If you live in Indiana, there's a good chance you are unhappy.
That's the conclusion of an "Unhappy Cities" study done by researchers from Harvard University and the University of British Columbia.
The research compiled data from the Behavioral Risk Factor Surveillance System from the Centers for Disease Control and Prevention and adjusted it to factor in demographics, such as race, income, sex and age.
Three Indiana metropolitan areas rank in the bottom 10 for happiness, with South Bend ranked as the No. 3 least happy city in the U.S.
Evansville was ranked as the No. 5 least happy city, and Gary is the ninth least happy city, the results showed.

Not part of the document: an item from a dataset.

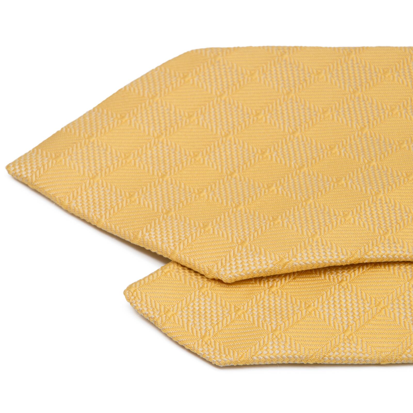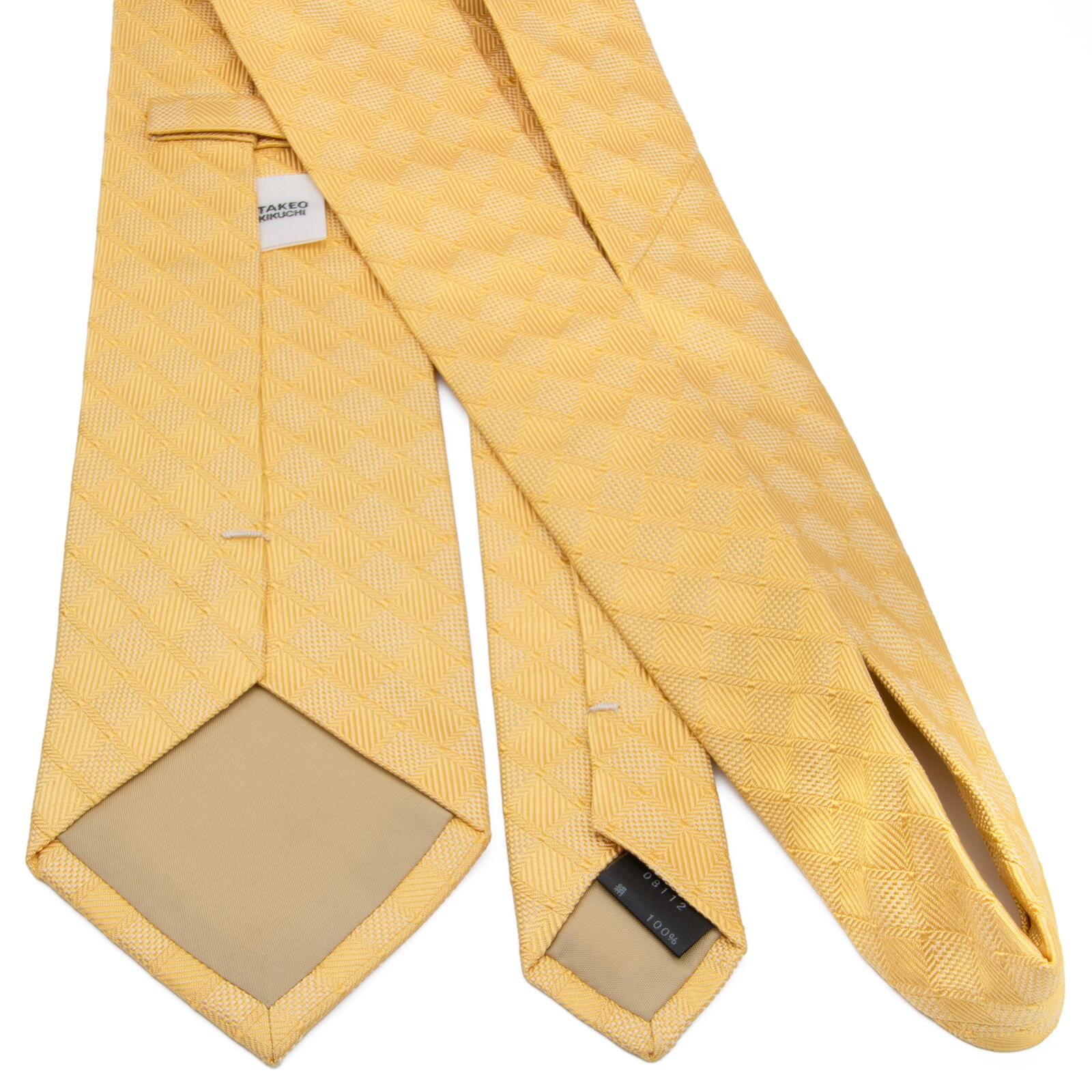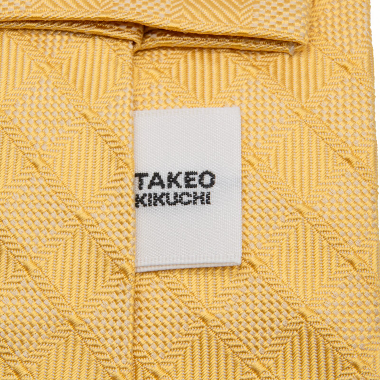 送料無料 タケオキクチ ネクタイ レギュラータイ ジャガード 新品 シルク 黄色 イエロー ベージュ 四角 ひし形 光沢 目立つ ブランド P411

Fort Wayne and Indianapolis are also near the bottom of the happiness list, with Indianapolis scoring as the 6th most unhappy city with a population larger than 1 million.
Cities that border Indiana are also largely unhappy, including Cincinnati and Louisville, according to the study.

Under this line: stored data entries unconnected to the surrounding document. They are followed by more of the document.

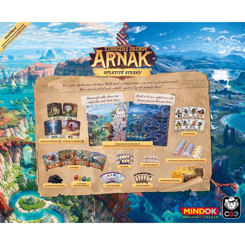 Připravte se na ultimátní výpravu do světa Ztraceného ostrova Arnak! Spletité stezky je dosud největší rozšíření, které přináší oboustrannou herní desku, větší než v základní hře, s dvěma zcela novými výzkumnými stopami a unikátními mechanismy.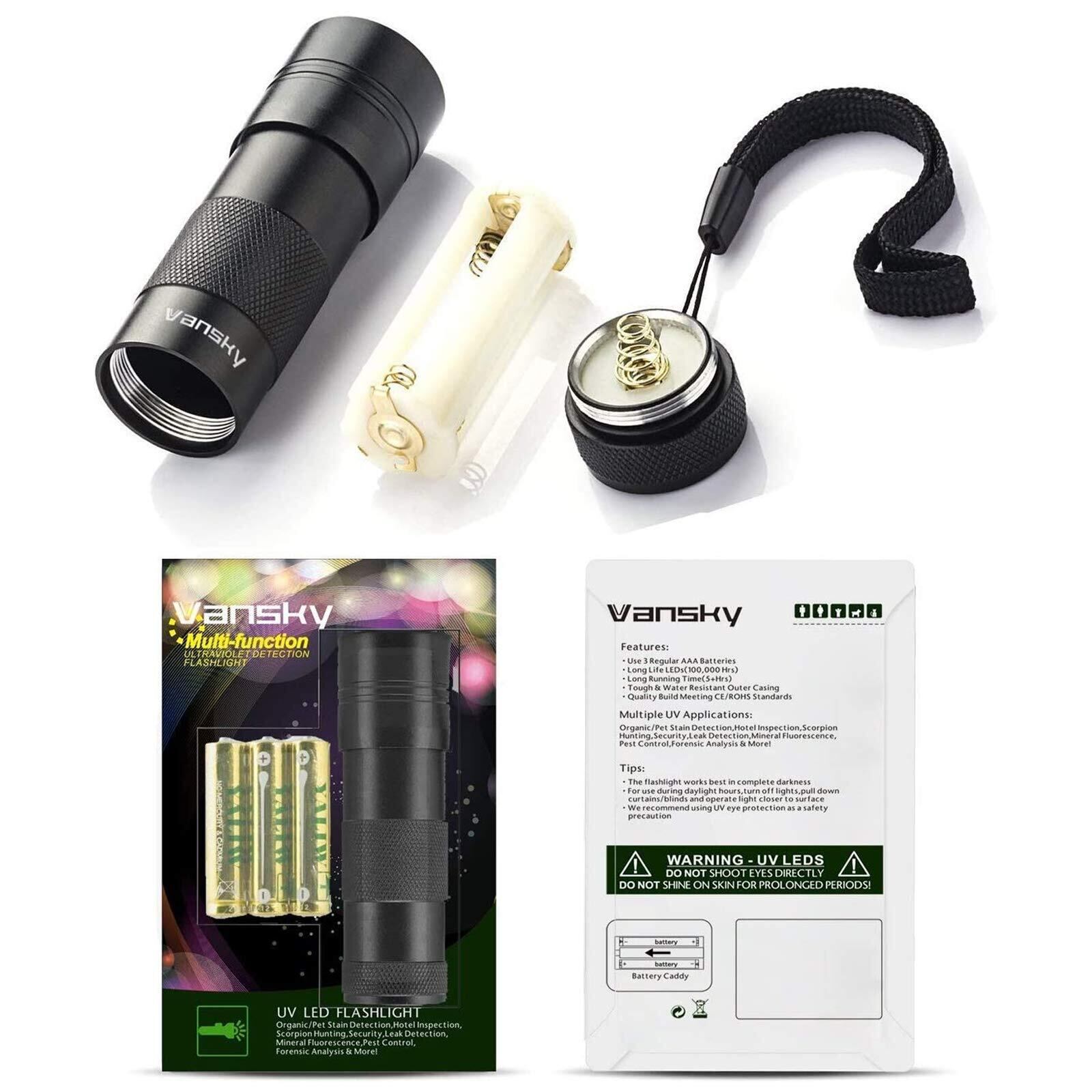 Vansky 12LED 紫外線 ブラックライト UVライト 紫外線 ライト レジン用硬化ライト 目には見えない汚れに対策に (ブラック)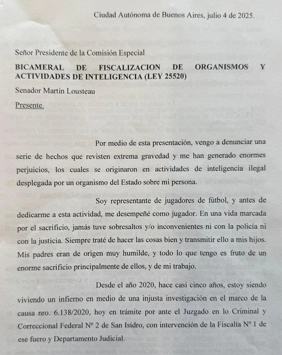 Enclae.agr tuvo acceso a una nota que Uriel le envió al senador nacional Martín Lousteau, en su rol de titular de la Comisión Bicameral de Fiscalización de Organismos de Actividad de Inteligencia, el pasado 5 de julio. “Desde el año 2020, hace casi cinco años, estoy siendo viviendo un infierno en medio de una injusta investigación en el marco de la causa nro. 6.138/2020, hoy en trámite por ante el Juzgado en lo Criminal y Correccional Federal Nº 2 de San Isidro, con intervención de la Fiscalía N deg 1 de ese fuero y Departamento Judicial”, detalla en el texto.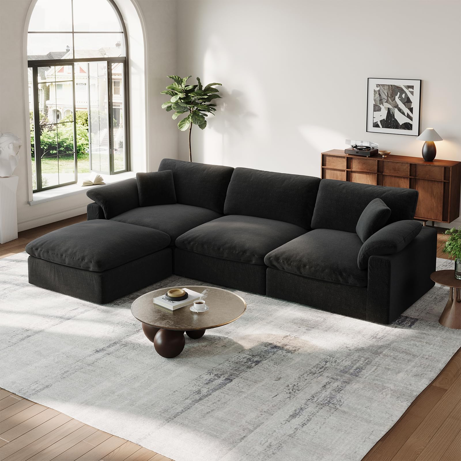 【Comfy Linen Blend Fabric】This cloud sectional couch is crafted from high-quality linen-blend fabric. Not only is this modular sofa soft and comfortable, but it is also highly durable, designed to withstand wear and tear over time.In addition, this sofa is pet-friendly and suitable for family use. 【Stable & Durable Construction】This versatile modular sofa features a solid wood frame for solid construction and durability. Each seat has a weight capacity of up to 440 pounds, providing solid support without caving in. 29.9" of extra-deep seating depth, whether you're lounging or stretching out, you'll enjoy spacious comfort and unfettered moments of relaxation. 【Cozy & Fluffy Cushion】The cushions of this sofa are a distinctive feature, filled with 30% high-resilience foam and 74% down, ensuring optimal softness and comfort. In addition, an extra layer of high-quality foam is added between the cushions and the wooden frame. Our aim is to ensure that everyone who sits on this sofa enjoys a cloud-like comfortable experience every day. 【Washable Sofa Covers】The sofa cover is designed to be easily removable and washable, ensuring maximum convenience for upkeep. For quick cleaning or deep washing, simply remove the cover to keep your living room sofa fresh and tidy.Sofa type: sectional couch sofa; modular sectional; modern sofa; linen sofa;down sofa,sofa sectionals for living room; living room couch; cloud couch dupes; comfy couch;modern couch.This cloud sofa can add more comfort to your living room. 【Versatile Usage】Elevate your space with a sleek, linen-blend modern sofa—perfect for bedrooms, living rooms, apartments, or lofts. Our sofa beds easily adapt to any setting. Whether you're relaxing after a day at work or enjoying a coffee with friends, this sofa will add a warm touch to your home's ambiance. Bring ultimate comfort and versatility to your living room with this Modern L-Shape Modular Sectional Sofa. Perfect for the living room, studio, apartment, this couch offers a free combination setup, allowing you to arrange it as per your aesthetic preferences and space constraints. Designed for optimum comfort, our cloud couch features a deep seat with high-quality sponge filling and down feather cushions, enabling you to lounge in luxury.

If that weren't enough, rural areas of Indiana also rank high on the unhappiness list.
The study determined that the happiest parts of the U.S. include most of Louisiana, rural areas of Georgia and most of Colorado.
New York City was ranked as the least happy large city.
Aside from Indiana, pockets of Ohio, Kentucky, Michigan and Pennsylvania rank among least happy states.
The study was based on CDC data from 2005-2009 before demographic adjustments.